The order won’t block most venture and private-equity investments, as many U.S. businesses had feared. The Business Roundtable praised the Administration for developing a “targeted mechanism to address clear national security risks.” It stops well short of the sweeping investment restrictions that some China hawks urged.

Auto makers will still be able to invest in Chinese self-driving systems. Drug makers can join with Chinese companies to develop new drugs. The narrow restrictions also convey to Beijing that the U.S. wants to reduce bilateral tensions.

China still slammed the restrictions, but they brought this on with their own behavior. Consider how Beijing this spring amended its counterespionage law to target foreign businesses that share “state secrets,” which is broadly defined as information that may damage its political, economic, national defense or diplomatic interests.
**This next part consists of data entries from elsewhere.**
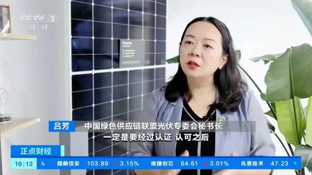 近日,CCTV2-中央電視臺財經(jīng)頻道記者王耐、張華一行深入浙江、江蘇等地,采訪光伏回收相關(guān)企業(yè)、高校和行業(yè)協(xié)會負責人,調(diào)研了解國內(nèi)光伏回收產(chǎn)業(yè)現(xiàn)狀及發(fā)展。中國綠色供應鏈聯(lián)盟光伏專委會光伏回收產(chǎn)業(yè)發(fā)展合作中心秘書長呂芳接受央視記者采訪,重點介紹了光伏回收產(chǎn)業(yè)市場規(guī)模及現(xiàn)階段面臨的問題和挑戰(zhàn)。該報道于7月24日在CCTV2-中央電視臺財經(jīng)頻道的正點財經(jīng)欄目播出。
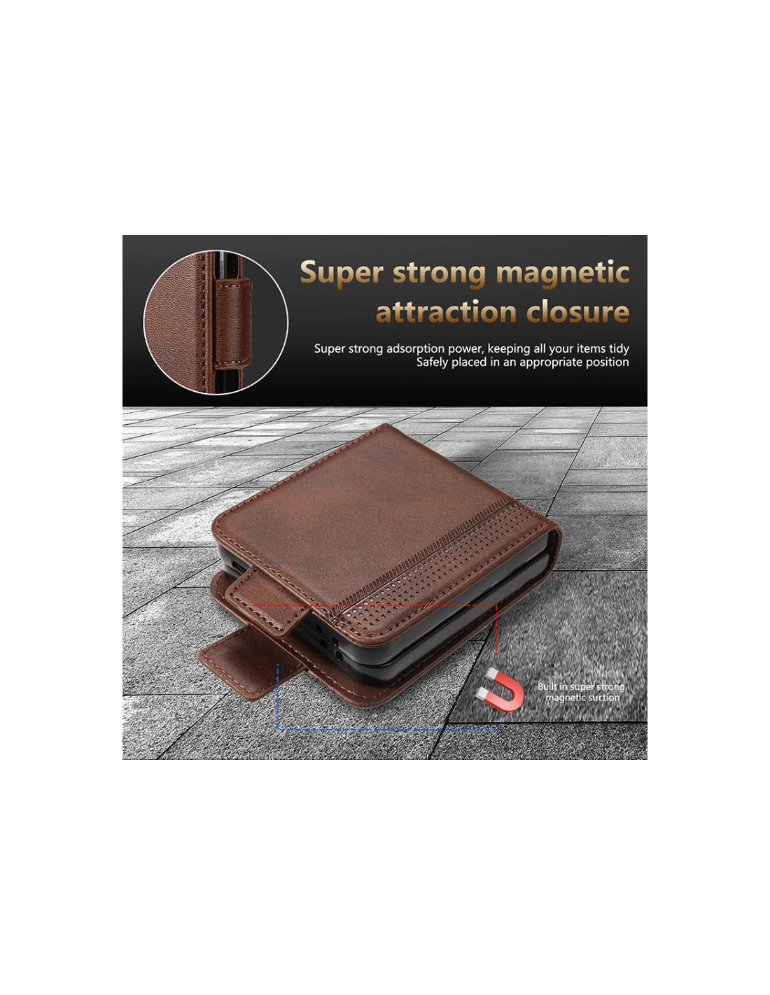Protezione premium con pelle magnetica texture e design a libro per Galaxy Z Flip7.
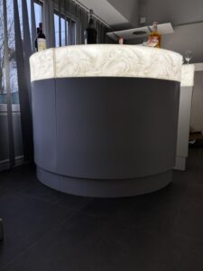 Szampański klimat zamknięty w formie – lada z solid surface i Hi-Macs Pavia
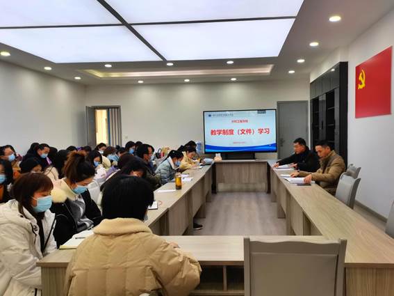 会上,张磊带领全体教师认真学习教学制度文件,要求全体教师认真学习各项教学制度,严格按照制度高标准开展教学工作,追求卓越、做到极致,推进学校双高建设高质量发展。
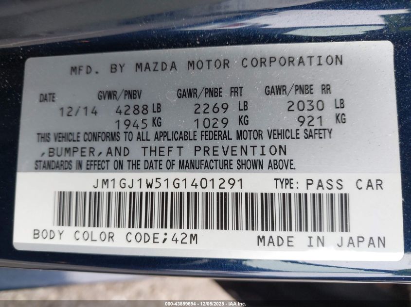 2016 MAZDA 6 2016 року Бензин, 2.5, Передній привід, vin - JM1GJ1W51G1401291 з США
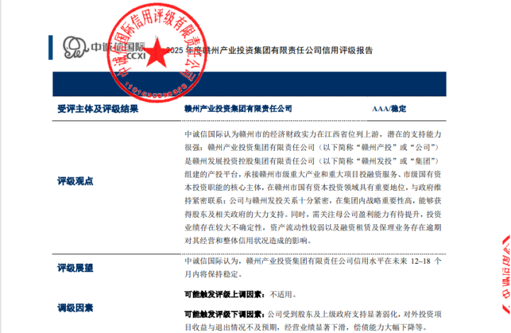 本站讯 近日,中诚信国际信用评级有限责任公司正式授予赣州产业投资集团有限责任公司AAA主体信用等级。这是继2024年12月30日获评东方金诚国际信用评估有限公司AAA评级后,赣州产投集团在短期内再次获得国内权威评级机构AAA最高信用评级。成为江西省首家获得“双AAA”主体信用评级的产业投资集团,亦是中诚信在江西省评定的首家AAA级产业投资集团。
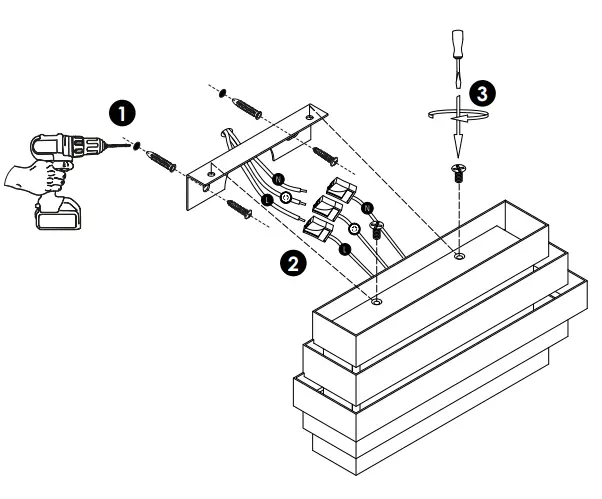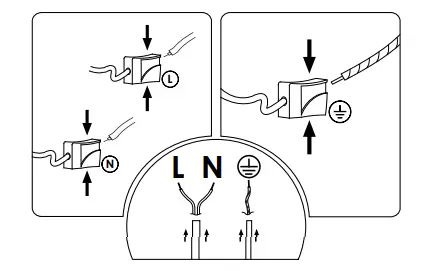 - Connect the wires of the lamp with the same color as the wires of the wall or the cell. PE or = green/yellow = ground wire. N =blue=neutral wire. L=brown (black) = phase.
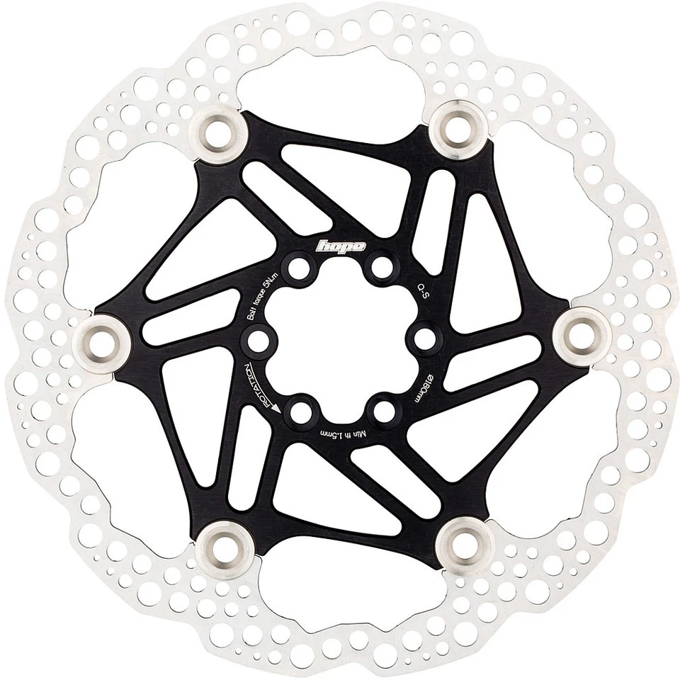 Technische Daten:Montage:6-LochDurchmesser:140 mm, 160 mm, 180 mm, 183 mm, 200 mm, 203 mm, 225 mmBauart:2-teilig, schwimmend gelagertMaterial Disc:EdelstahlMaterial Spider:AluminiumMaterial Schrauben:StahlFreigaben:Bremsenkompatibilität:Hope Scheibenbremsen außer V2, dank breiterer Bremsoberfläche auch passend für Bremsen anderer Hersteller*
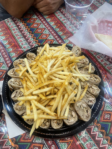 However after ordered our food we quickly became disenchanted with the quality of the restaurant. Since we had a family size group we decided to order the family meal since we have great success with family meals at Mediterranean places in the past. I wasn't too hungry and thought I'd just eat pita and baba ganoush so that is what I ordered. My husband wanted something extra so he ordered the lamb kabob. First came the baba ganoush(not pictured) it was drowned in oil and the pita served with it was cold, not a good start. Next came the chicken shawarma platter, the best part of the platter was the fries, the wraps taste like frozen food that was reheated and they looked nothing like picture on the menu. The exterior of the wraps were almost grey in color and didn't have the typical light and crispy texture that they normally have at any decent Mediterranean place, and they were soggy and dripping in oil. Last came the puny kabob tucked into a piece of pita bread(not pictured), which was an odd and unappetizing way to plate food. In addition, kabob was chewy and lacked decent flavor. My kids were hungry so they ate the greasy food all the while raving about the place we went to in Richardson the week prior.
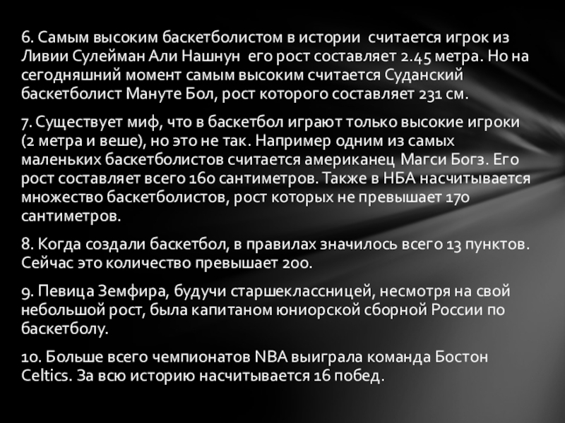 Слайд 136. Самым высоким баскетболистом в истории считается игрок из Ливии Сулейман

This means Americans can be prosecuted merely for providing consulting services, engaging in academic research or criticizing the regime. Bain & Co. said in April that Chinese authorities questioned its employees in Shanghai. Chinese cops also raided the offices of U.S. consulting firm Capvision Partners.

The Chinese are punishing U.S. chip makers as retaliation against the Administration’s export controls. Beijing recently invoked national security to block the sale of Micron chips in “critical infrastructure.” Chinese regulators are holding up Intel’s purchase of Israel-based wafer foundry Tower Semiconductor.

China is waging a relentless cyber-espionage campaign to steal Western intellectual property and prepare for a cyber-attack. “We’ve seen China looking for ways to insulate their economy against potential sanctions, trying to cushion themselves from harm if they do anything to draw the ire of the international community,” FBI Director Chris Wray warned last year.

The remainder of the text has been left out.